Time for another rant!
So I am writing a persuasive essay at school in English and I basically chose the subject of why the school system us messed up/ exams should be banned. I have my own reasons for wanting change in the system but as far as I can see it would produce economic benefits too. (If there is anything that is wrong here please pick me up on it!)
While researching the essay I stumbled upon something Obama had said about basing the US's education system off the ones currently in place in South Korea and Hong Kong. It would seem logical, certainly. They produce some of the best students in the world and rank among the top grades-wise.
So why is it a bad idea? Well to start with I have found that suicide and depression rates in South Korea are the highest in the developed world and it would also seem that success and achievement come hand in hand with serious mental health issues including suicide. Pupils may work from 6 in the morning to midnight. School then study then school again. It leaves no space for free time but often pupils see this as the only way to get a job or make and impact on the world. What South Korea produces is a brilliant resource of test-takers and knowledgeable people.
But in the 21st century we are not looking for people who can pass GCSE or Standard Grade maths with flying colours in half the allotted time.
What we need are creative thinkers.
And Finland have just the system that creates these kind of people.
For starters children start school ages 7- a whole year at least after British kids start. School times are also flexible, though generally in their Senior Secondaries. Break times are longer than in the UK and the atmosphere is relaxed. A sharp contrast to South Korea's high pressure days that last often longer than I am awake for.

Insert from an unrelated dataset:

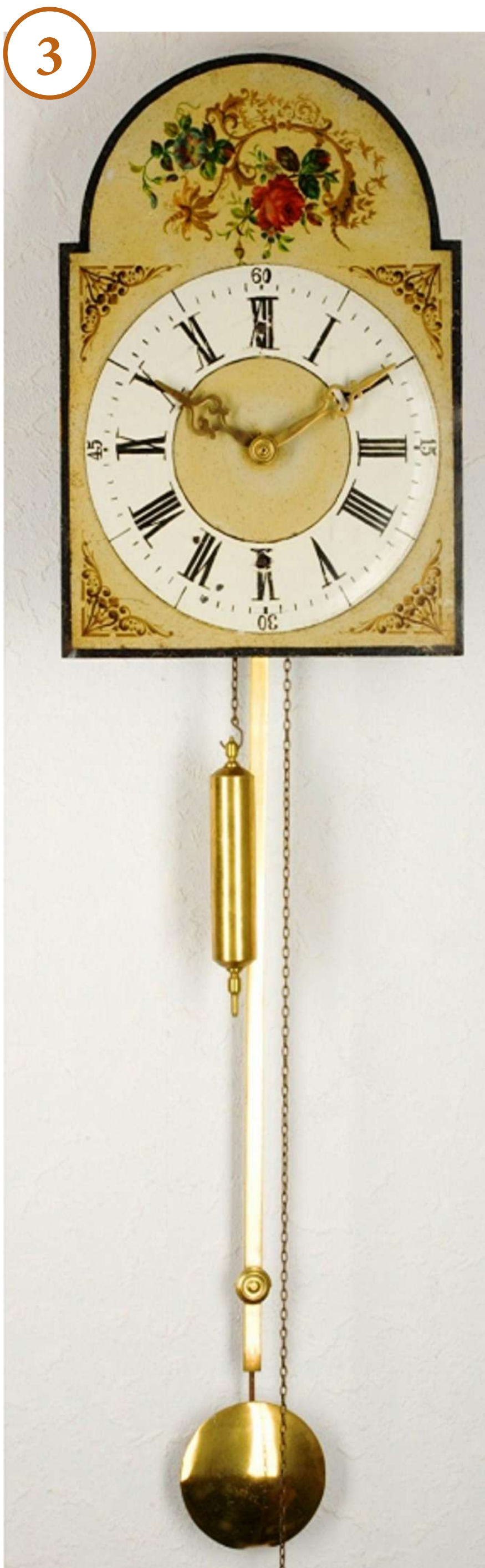
3. Представники родини Крегер з 1804 р. майже 130 років виготовляли годинники. Годинник Крегера (Розенталь, Хортиця). Бл. 1887. Музей історії культури російських німців, Детмольд Angehörige der Familie Kröger haben seit 1804 fast 130 Jahre lang Uhren gefertigt. Die „Krögeruhr“ (Rosental, Chortitza). Ca. 1887. Museum für russlanddeutsche Kulturgeschichte, Detmold

Die Existenz einer Deutschen Straße in Rowno, Harkow, Nikolajew, Simferopol, Feodosia und andernorts in früheren Zeiten weist auf deutsche Stadtbewohner hin. Das Entstehen deutscher Handwerkerkolonien in Städten zu Beginn des 19. Jahrhunderts war durch völliges Fehlen einzelner Handwerke und Gewerbe (Odessa, Feodosia) oder die Notwendigkeit, bestimmte Gewerbe zu entwickeln, zum Beispiel, die Herstellung von Tuch für den Bedarf der Armee (Harkow, Poltawa, Kremenschug, Konstantinograd u.a.) bedingt. Dazu wurden deutsche Tuchweber und andere benötigte Meister aus dem Ausland eingeladen. In manchen landwirtschaftlichen Kolonien gab es so viele Handwerker, dass ihre Arbeit nicht nachgefragt wurde. Ihnen wurde die Umsiedlung in nahegelegene Städte gestattet.

And what about the classroom itself? They are pupil centred with the teachers doing as little talking as possible. In the US teacher 'talk-time' can be around 80% of the lesson whereas in Finland it is around 40% per lesson. Finnish schools help children to discuss, discover and develop their ideas. So why can't we?
I am yet to understand why my own government is currently putting in a system whereby pupils of 14 are undertaking exams of the kind I did not sit until I was 16. The stress and pressure load is increasing and yet the teachers of my school assure me that it is a better, more effective way of learning when I challenge them on it. I have been told that we are working towards as system based off Finland's but that is not what I see at all. Learning is still a case of dictation and memorisation not discussion and free flowing relaxed learning.

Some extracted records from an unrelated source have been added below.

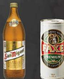
San Miguel Faxe Premium
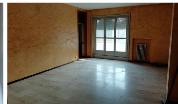
Vista interna unità residenziale
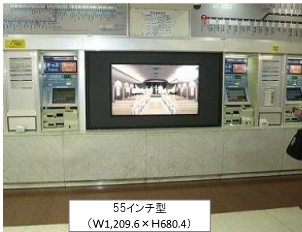
55インチ型 (W1,209.6 × H680.4)

Why does my government insist that by rote learning is the best when we have evidence that it fails to produce happy and creative individuals? Why do my teachers tell me that exams are going to be the spine of my life when my passions are what drive me? And why is no one doing anything about it when it is possibly the biggest problem that our future economy and generations face?
I do not know the answers to these questions, but I plan on doing something about it. I recently got involved with a project that focuses on the young people who will be voting in the upcoming Scottish referendum and so I have a voice. And I plan to use it.